“The number-one key to success of employees is the hiring process.”
Aviation is a dynamic industry comprised of millions of aviation professionals, thousands of pieces of equipment, and an intricate web of highways in the sky and taxiways on the ground used to safely transport passengers and cargo from Point A to B. In the name of convenience and time saved, there will always be a need and desire for air transportation.
Subject to complex governmental regulation and heavily tied to global economics, the aviation industry often experiences periods of sheer mania or depressive panic. Emerging from one of the most financially challenging periods of its history, many aviation organizations expect some hiring in 2013 and beyond. The Bureau of Labor Statistics reports, hiring will be greatest for pilots, ground handling personnel, aerospace engineers, and mechanics.
With razor-thin profit margins, hiring the right person for the right job at the right time has never been more important. Experts state, failed training, poor job performance, or pre-mature termination or departure of an employee can equal large financial losses in the long term.
Today’s hiring process differs significantly from years past. According to the Air Line Pilots Association, in the pursuit of leaner operating budgets, aviation organizations have reduced or eliminated some popular employment screening tools including background checks, psychological tests, technical skill evaluations, medical exams, telephone interviews, and written knowledge tests. Without some of these tools available, evaluation of applicants becomes an even more complex process.
So how do you find this Mr. or Ms. Perfect that will meet all the needs and wants of the organization as well as remain with the company for a long period of time as a highly motivated and productive employee? What steps can you utilize to make sure that you find the most qualified applicant and obtain the best return on investment (ROI)?
* Set Standards: Create a list of requirements and determine which are “must haves” and which are negotiable. This will include regulatory requirements and characteristics desired by the organization and your customers. Once standards have been established, you should evaluate your applicants with these standards in mind.
* Evaluate Professionalism: Professionalism is a broad concept encompassing character, desire to learn, motivation, honesty, accountability, reliability, organizational skills, teamwork, and situational awareness to name a few. Determining an applicant’s level of professionalism in itself can be difficult but necessary as part of a comprehensive applicant assessment. Personal references, motor vehicle drivers reports, criminal history, in-person or telephone interviews to evaluate communication skills, scenario-based evaluation or skills tests to observe teamwork and organizational skills, and employment history can paint an applicant’s “big picture.” Putting all these small pieces together can yield a reasonable assumption of what performance you can expect of an applicant.
* Size-Up Motivation: Aviation organizations spend a great amount of time and money training employees to meet minimum standards. It may take months or even years of productive employment to recoup this investment. If an applicant is using an organization as a “filler job” until he/she can obtain something better or obtaining specific training just to seek employment elsewhere, the organizational will not benefit from the investment.
Furthermore, for some positions such as pilots and flight attendants, it is important to separate those that view the industry as a lifestyle and pursuit of passion from those that view it as just a job and source of a paycheck. It is desirable to hire applicants that seek more than just extrinsic rewards in the form of compensation or benefits.
Understanding an applicant’s motivation and why he/she wants to work for your organization will ensure that training resources are not frivolously spent.
* Try them Out: Whenever possible, observing the applicant in the real-world environment is advisable. Though barriers such as regulations, required training, security clearances, and/or potential for physical harm or inefficiency may prevent this, performing a “test run” with an applicant may be the best way to determine if he/she will be successful. A day-on-the-job, temporary position, internship, or hiring through an approved program with regular site visits allows your organization to observe an applicant’s work methods and attitudes before a permanent position is offered.
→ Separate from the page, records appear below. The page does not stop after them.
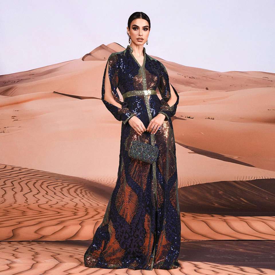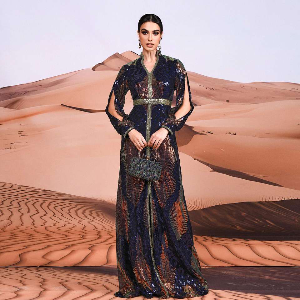 XY548 Long Sleeve Sequin Women's Dresses Arabic Istanbul Moroccan Turkish Dubai Modest Evening Party Dresses Muslim Clothing
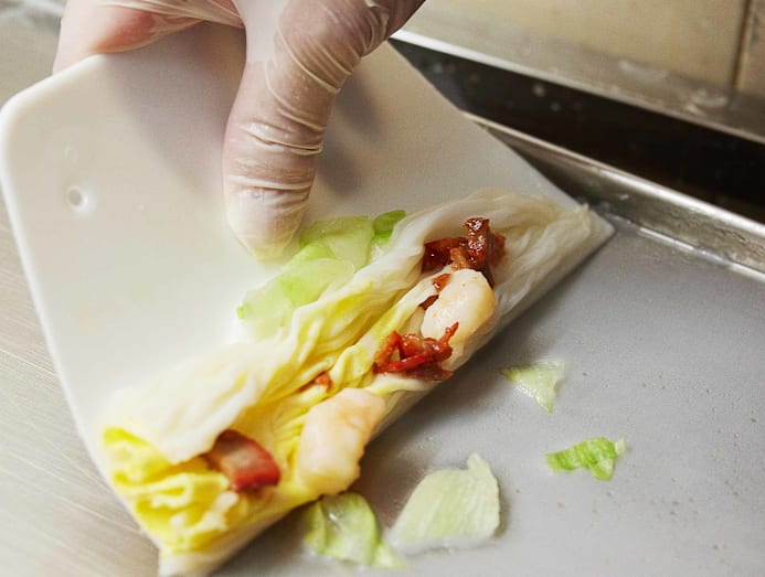 “If it’s someone’s first time and they can’t decide what they want to get, then we’ll recommend the Ying Yong as it has a bit of everything.” In between the paper-thin sheets of rice roll, the Ying Yong Rice Roll has bits of fresh prawn, char siew, cabbage and strips of egg.
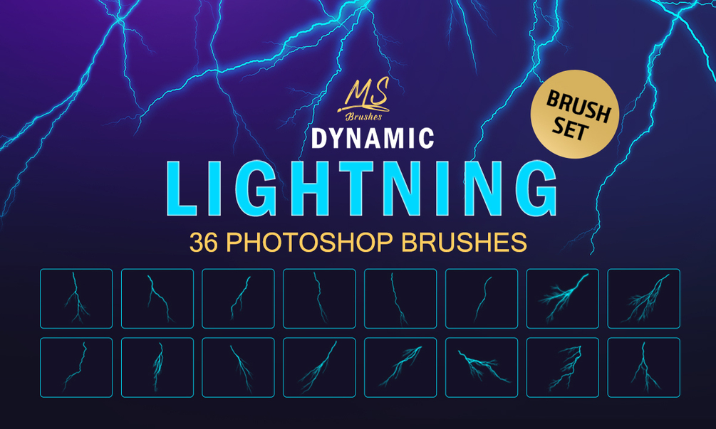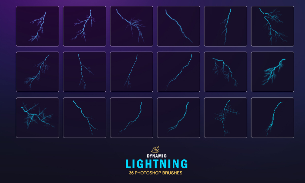 Lightning Brushes is a set of 36 high-quality brushes that can create stunning lightning effects in your digital artworks. You can use them to add realistic or fantasy lightning to your photos, illustrations, or designs. Whether you want to create a dramatic stormy scene, a futuristic sci-fi image, or a magical fantasy artwork,
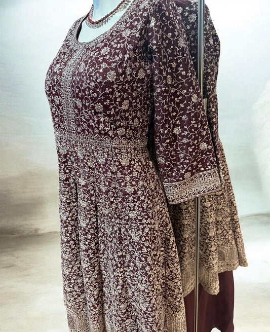 Attractive Brown Color Georgette With Heavy Embroidery Work Anarkali Suits For Women
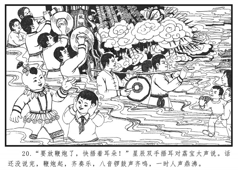 20.“要放鞭炮了,快捂着耳朵!”星辰双手捂耳对荔宝大声说。话还没说完,鞭炮起,齐奏乐,八音锣鼓声齐鸣,一时人声鼎沸。
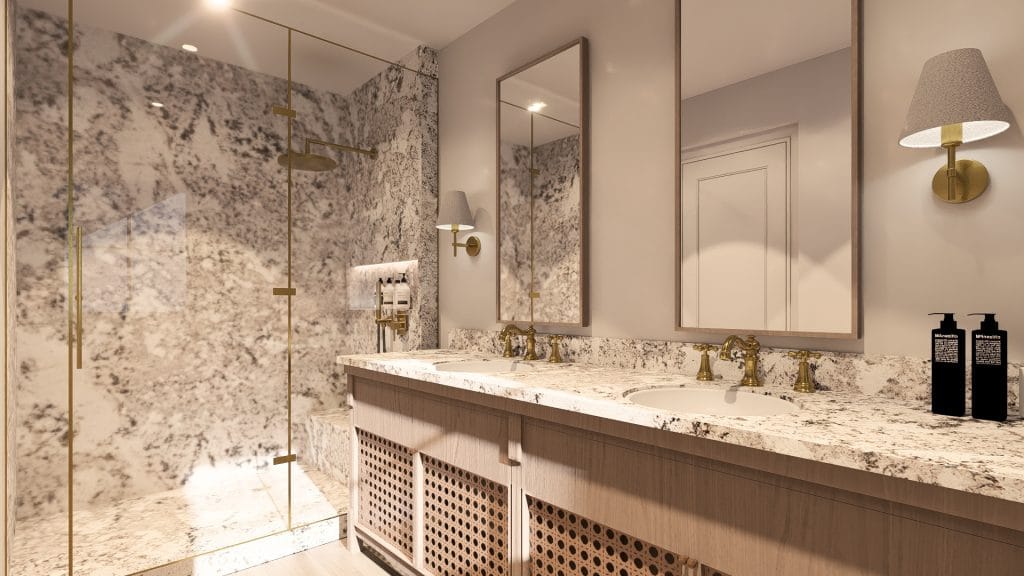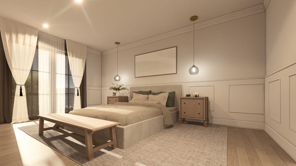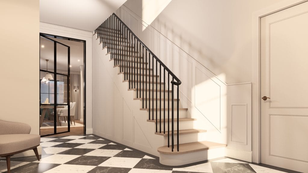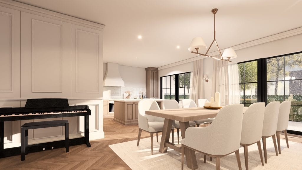 L’aménagement intérieur propose une relecture contemporaine des codes classiques, créant une atmosphère élégante et lumineuse. Les espaces de vie s’organisent en plan ouvert, favorisant la fluidité des circulations et la convivialité, avec une salle à manger centrale.
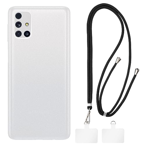 Shantime Coque et Lanière Bandoulière Compatible avec Samsung Galaxy M31S Coque de Téléphone et Sangle de Cou Réglable avec Boucles Métalliques et 2 Patchs(Blanc + Noir)
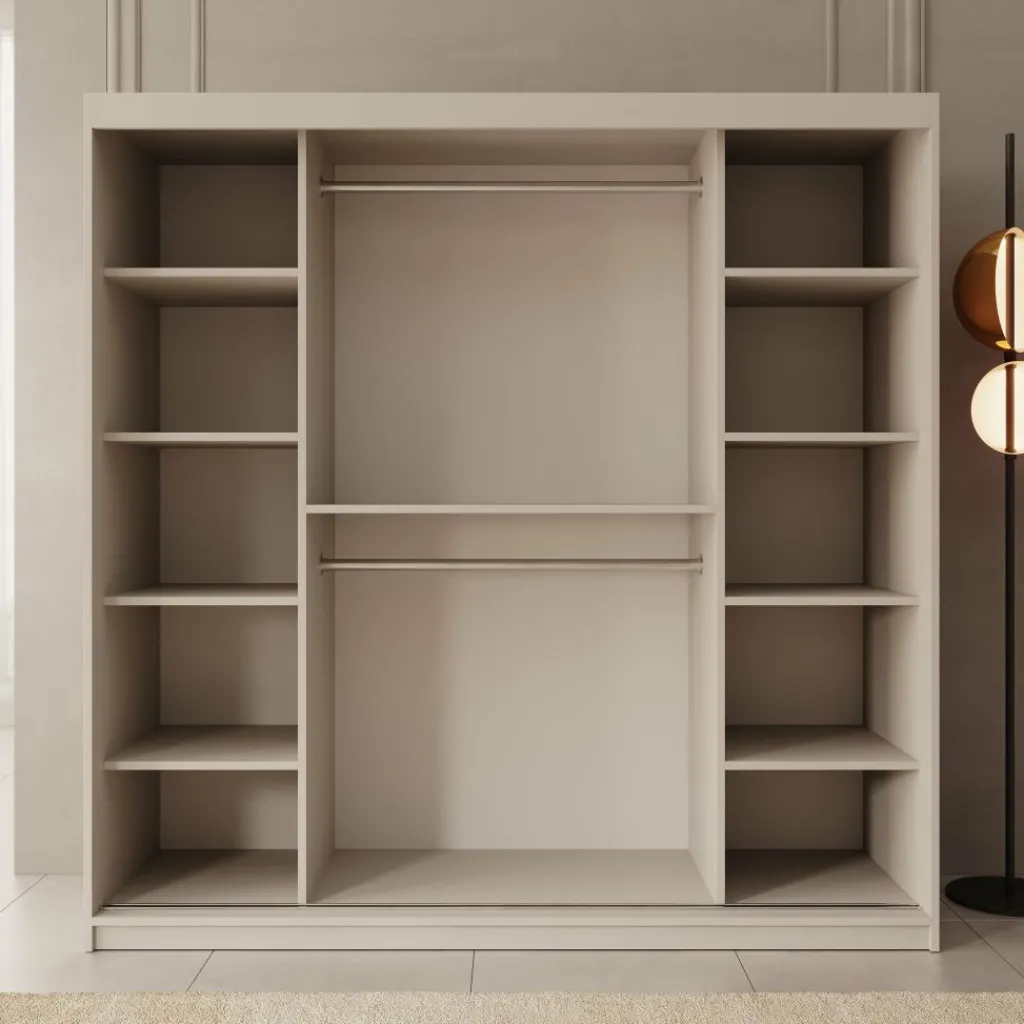 De Bodhi kledingkast van 200 cm breed combineert royale opbergruimte met een strak en modern ontwerp. De kast beschikt over meerdere legplanken en een groot hanggedeelte, ideaal voor kledingstukken die netjes opgeborgen moeten worden. De schuifdeuren zorgen ervoor dat de kast eenvoudig te openen is, zonder extra ruimte in beslag te nemen.
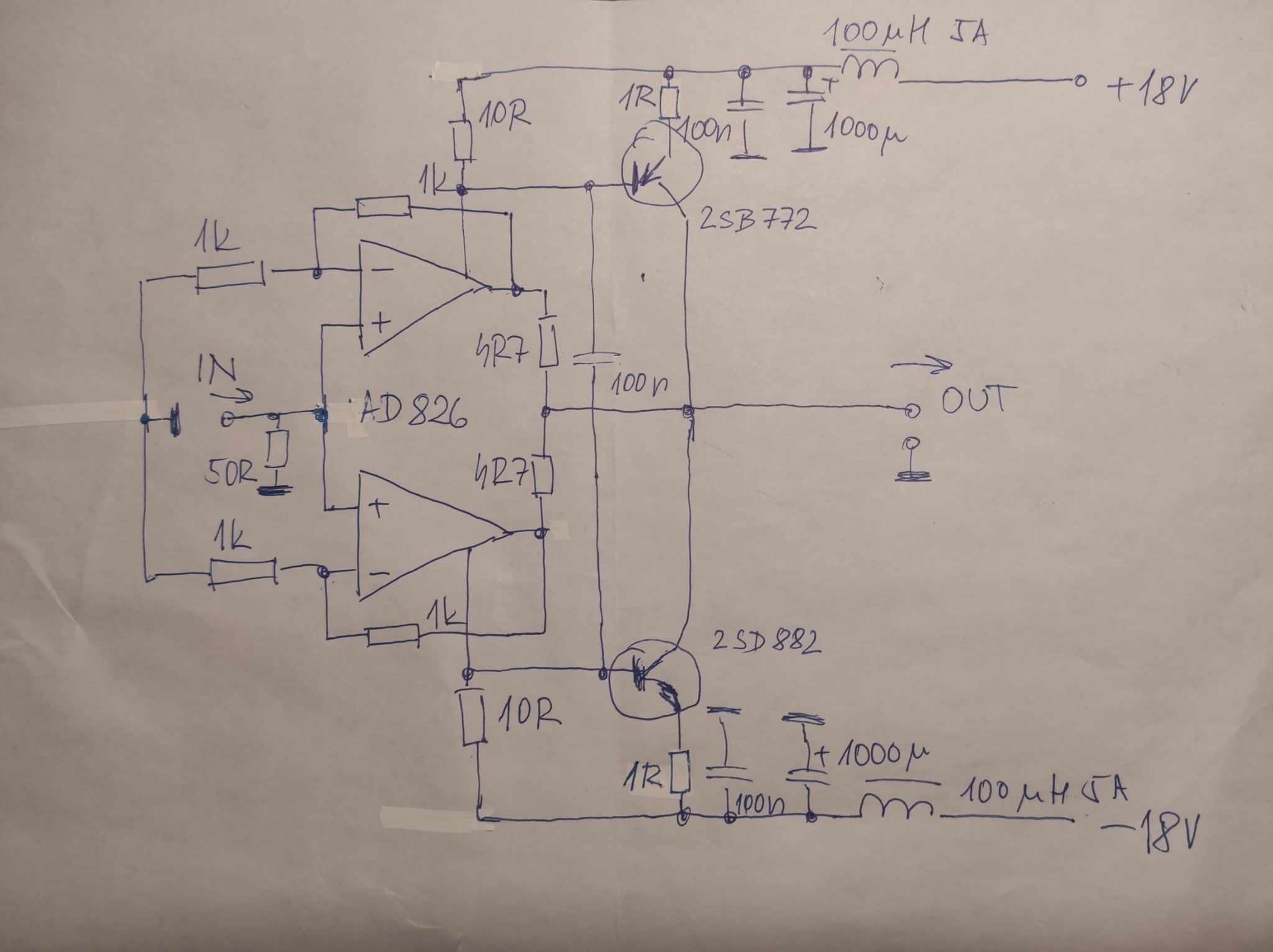 AD826 v DIP8 pouzdře, oba operáky poralelně + 2SD882 a 2SB772, něco takovýho a odpor 1K zmenšit a druhej zvětšit, teď to má zesílení 2.
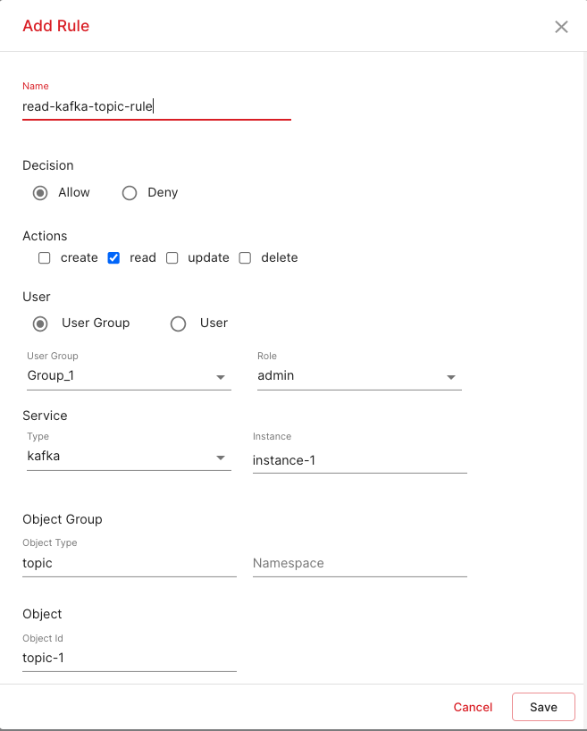 通常,最终用户使用CLI和具有层次结构(如pods/<namespace>/<pod-name>)和组织结构(如kafka用户组等)的对象。如果访问控制也不是基于相同的访问控制,它就不能通过简单性测试。在Maira中,可以定义策略规则,将用户、角色或组连接到该层次结构中的资源实例、资源类型、服务实例或服务类型。这使得您可以轻松地从非常精细的级别定义策略到非常粗略的级别。下面是显示这个过程的截图。
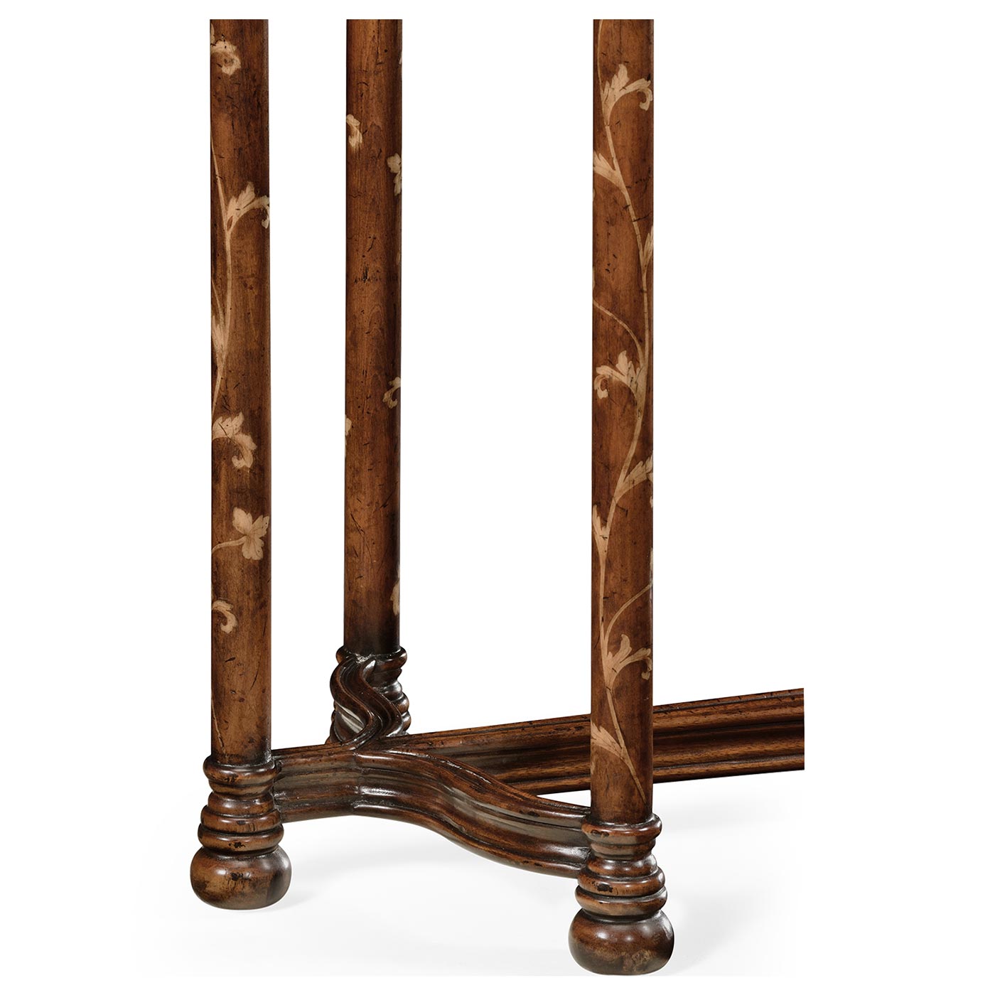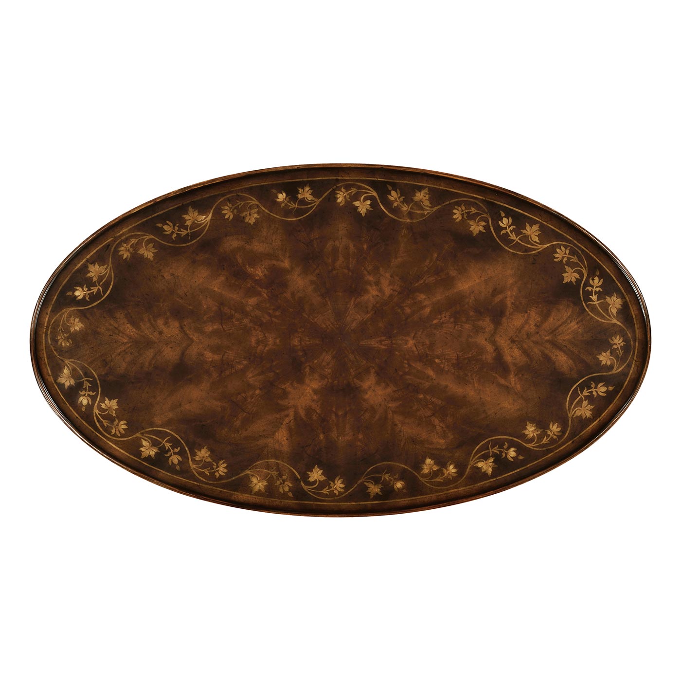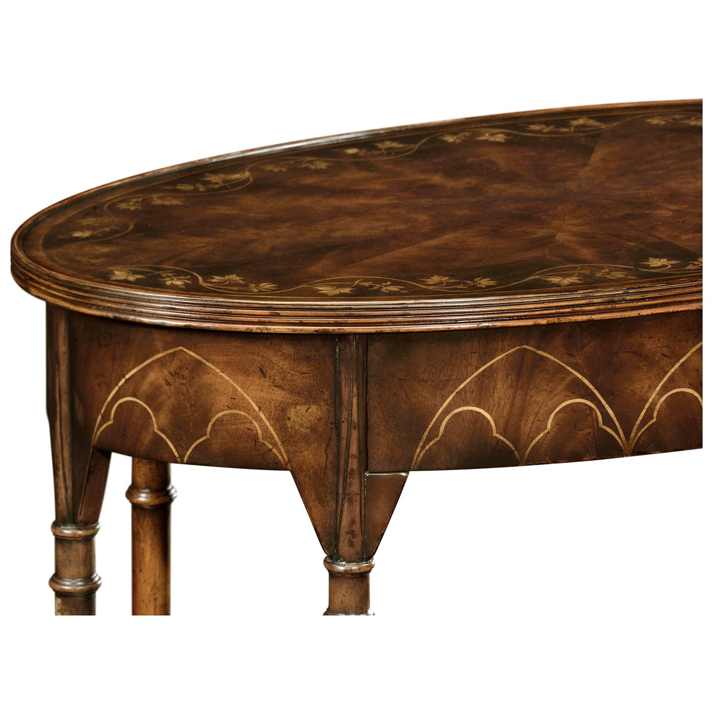 Mahogany veneered oval side table in the "Gothic" style of the late 18th century having fine contrasting inlays to the top and frieze, and legs painted with the same running floral motifs and arches.

There is no perfect aviation industry employee out there. For what one applicant will lack in technical skills or experience, he/she will make up for in motivation and professionalism. Likewise, an applicant may be technically overqualified but lack soft-skills such as effective communication or situational awareness that is vital to success in a customer service-based industry like aviation. By utilizing the steps above, you can efficiently and effectively sift through the applicant pool by comparing the applicant’s experience to the job standards, evaluating the possibility of success through evaluation of professionalism and level of motivation, and finally whenever possible observing the applicant in the real-world aviation environment. Staying ahead of the game by forecasting hiring needs, and filling those needs before you reach a state of despair, as well as working hard to keep those highly motivated and highly productive employees that you already have will result in smooth skies ahead.
Jennifer Shamsy has spent over 20 years in the aviation industry. Her interests lie in the human factor – the thousands of people that live and breath jet fuel every day and make the airline industry more than a job – a family.